Finally, he stomped off to his shop. A few minutes later he reappeared, dragging across the driveway his monstrously huge welder behind him. With a great flourish he shooed the kids to safety at the other side of the yard, donned his welder’s hood and gloves, and fired the thing up. It was like killing a fly with a machine gun. Within seconds the paint had melted off the grill and the little briquettes were glowing. They were so fired up they were dancing and singing. It was one of those little family moments that will always be etched into memory, especially the moment when the little dancing briquettes tumbled to the ground when the bottom of the grill fell out.

I don’t think my dad was ever happier than when faced with a puzzle or a problem. He loved finding a solution.

I’m sort of like that. I love a challenge. I thoroughly enjoy making something of nothing. Some of my happiest years were those when we didn’t have a nickel to our names and our three kids always seemed to be in need of new shoes and a dentist. And the car always needed tires.

Those were challenging years and our house was oddly, but creatively, decorated. I had 500 recipes for hamburger. We were poor but we were gleefully happy. Part of my happiness came from the necessity of being resourceful and creative. Remember when Scarlet O’Hara made the ball gown from the green silk drapes? I was that kind of woman.

It’s a wonderful thing to stretch our minds and come up with solutions. When a woman I know was pondering with her husband the easiest way to fix an electrical problem in the house, he, typical male, wanted to call in an electrician. She, after a bit of practical thinking, said, “Why don’t we try doing this...” and offered a perfectly ingenious solution. She’s still walking proud.

Ingenious solutions are harder to come by than simple solutions. But sometimes they flood our minds with glowing revelation. Maybe that’s why inventors never quit with just one invention. They have minds that are constantly whirling and whirring, that continually ponder new devices and gadgets. My Dad was like that. You could almost hear the wheels turning and he wrote and plotted continually. Almost every morning there would be a napkin of doodles next to his empty coffee cup. His shop was filled with tools he’d adapted for this need or that.

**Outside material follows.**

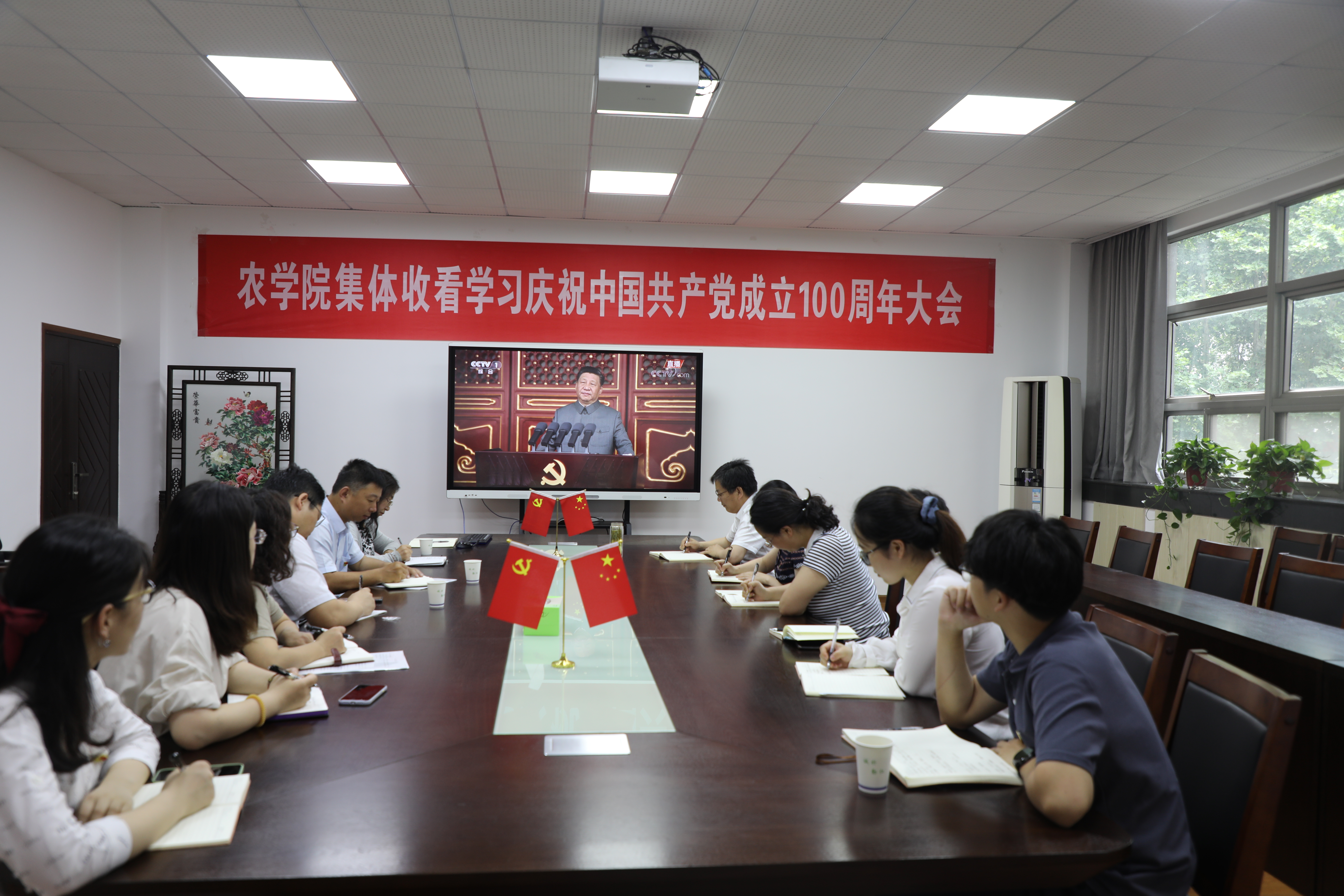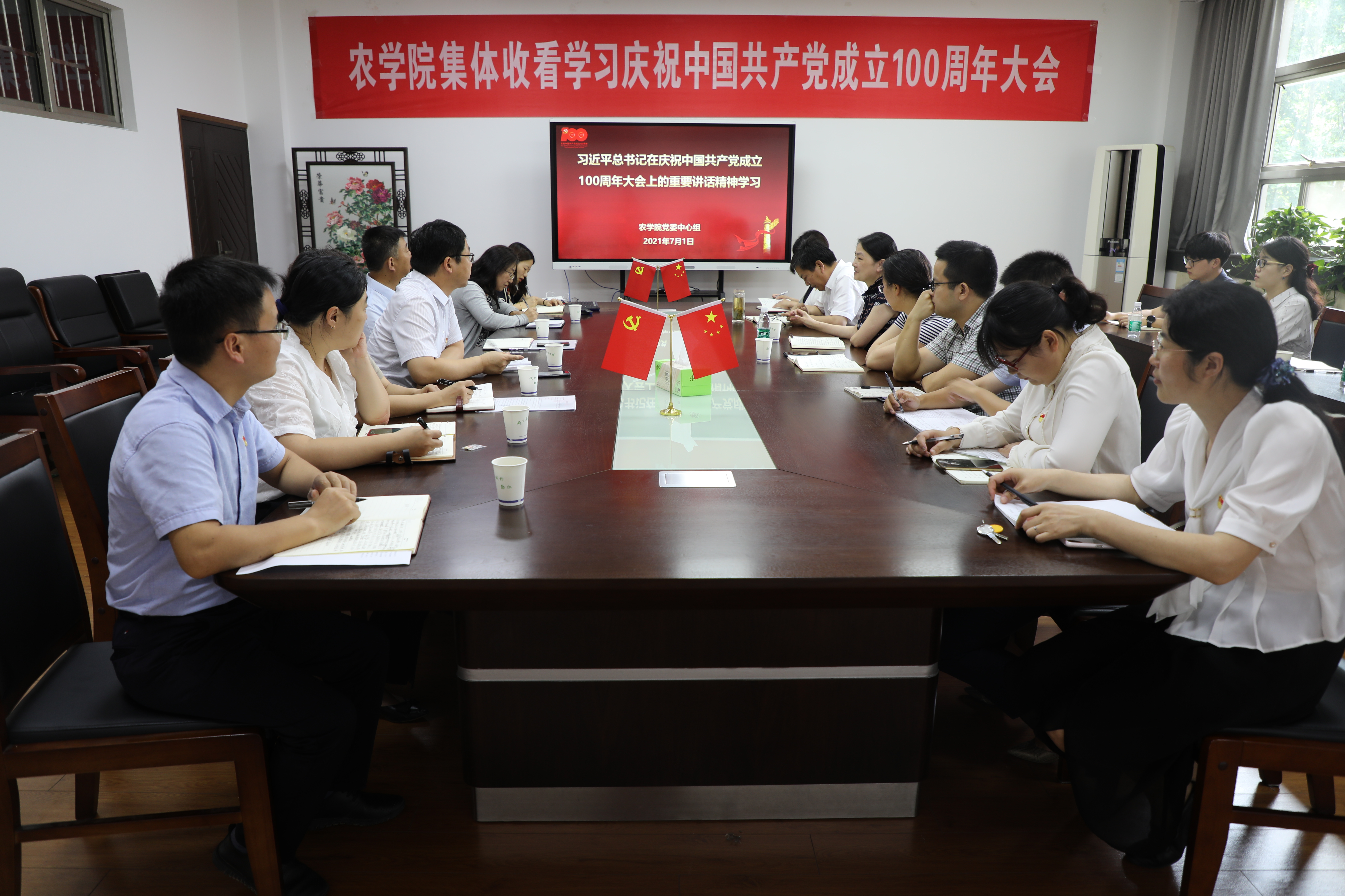 7月1日上午8时,庆祝中国共产党成立100周年大会在北京天安门广场隆重举行。中共中央总书记、国家主席、中央军委主席习近平同志发表重要讲话。学院领导、党委委员及院办教师党支部在学院会议室集中观看,学生党员代表200余人在教学楼C201集中观看,各教师党支部各自在分会场集中观看。

There is that old saying that if you want to find the easiest way to do something, give the task to a lazy man.

There should also be a saying that if you want to find the cheapest way to do something, give the task to a poor man.

I love this story about the government. It took place back in the days when we were spending oodles of money on the space program. When NASA first started sending up astronauts, they quickly discovered that ballpoint pens wouldn’t work in zero gravity.

It sent the NASA scientists into a dither. This illustrious group spent a decade and $12 billion, ($12 BILLION DOLLARS!), but they eventually developed a pen that would write in zero gravity, upside down, underwater, on almost any surface including glass, and at temperatures ranging from below freezing to over 300° C.
           
The Russians used a pencil.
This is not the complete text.